- Opening Delimiter -
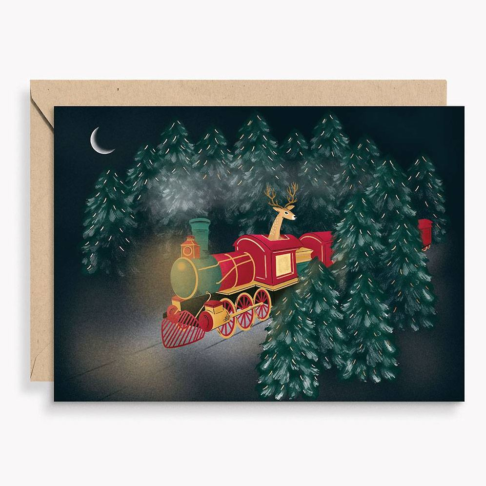 Choo Choo, it’s that time of year again! This adorable card is perfect to send love this holiday season. Inside sentiment reads, “May the magic of the holiday season fill your heart with wonder and delight.” Features foil details. Folded card. Paired with matching envelope. Designed by Paper Source.
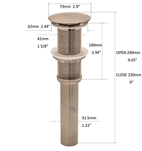 MYHB PU002BN Extended 1 5/8" Bathroom Vessel Sink Pop Up Drain Stopper Without Overflow, Brushed Nickel
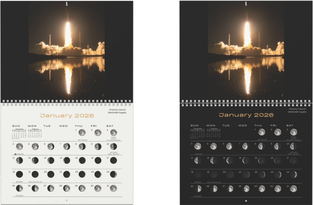Check out the amazing Artemis I wall calendars and other spacey things on Etsy and Shopify.
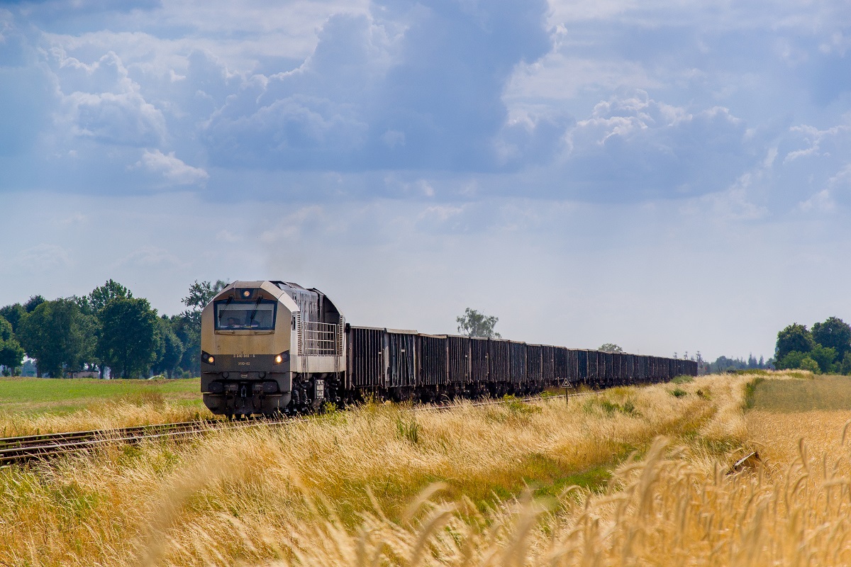 311D-02 z wahadłem węglarek relacji Rogoźnica-Koszalin, wyjechał z Trzcianki i zbliża się do przystanku w Białej Pilskiej.
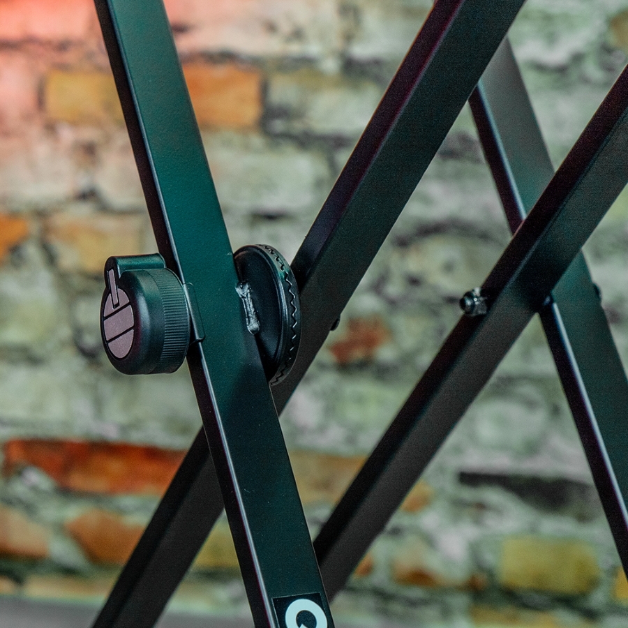 Al centro del supporto c’è il sistema di bloccaggio e regolazione “Dino-Bite”, scelto perchè facile da usare, elegante e anti-scivolo, permette di effettuare le regolazioni allentandolo e spostandosi su uno dei 9 livelli di altezza, per poi riavvitare il blocco centrale.Dotato di piedini e pad poggia-tastiera in gomma autolivellanti per compensare le irregolarità dei pavimenti o tastiere ed ottenere una migliore stabilità.
- Closing Delimiter -
Wherever the listing shows a picture, omit it and output the rest exactly as given.

 Choo Choo, it’s that time of year again! This adorable card is perfect to send love this holiday season. Inside sentiment reads, “May the magic of the holiday season fill your heart with wonder and delight.” Features foil details. Folded card. Paired with matching envelope. Designed by Paper Source.
 MYHB PU002BN Extended 1 5/8" Bathroom Vessel Sink Pop Up Drain Stopper Without Overflow, Brushed Nickel
Check out the amazing Artemis I wall calendars and other spacey things on Etsy and Shopify.
 311D-02 z wahadłem węglarek relacji Rogoźnica-Koszalin, wyjechał z Trzcianki i zbliża się do przystanku w Białej Pilskiej.
 Al centro del supporto c’è il sistema di bloccaggio e regolazione “Dino-Bite”, scelto perchè facile da usare, elegante e anti-scivolo, permette di effettuare le regolazioni allentandolo e spostandosi su uno dei 9 livelli di altezza, per poi riavvitare il blocco centrale.Dotato di piedini e pad poggia-tastiera in gomma autolivellanti per compensare le irregolarità dei pavimenti o tastiere ed ottenere una migliore stabilità.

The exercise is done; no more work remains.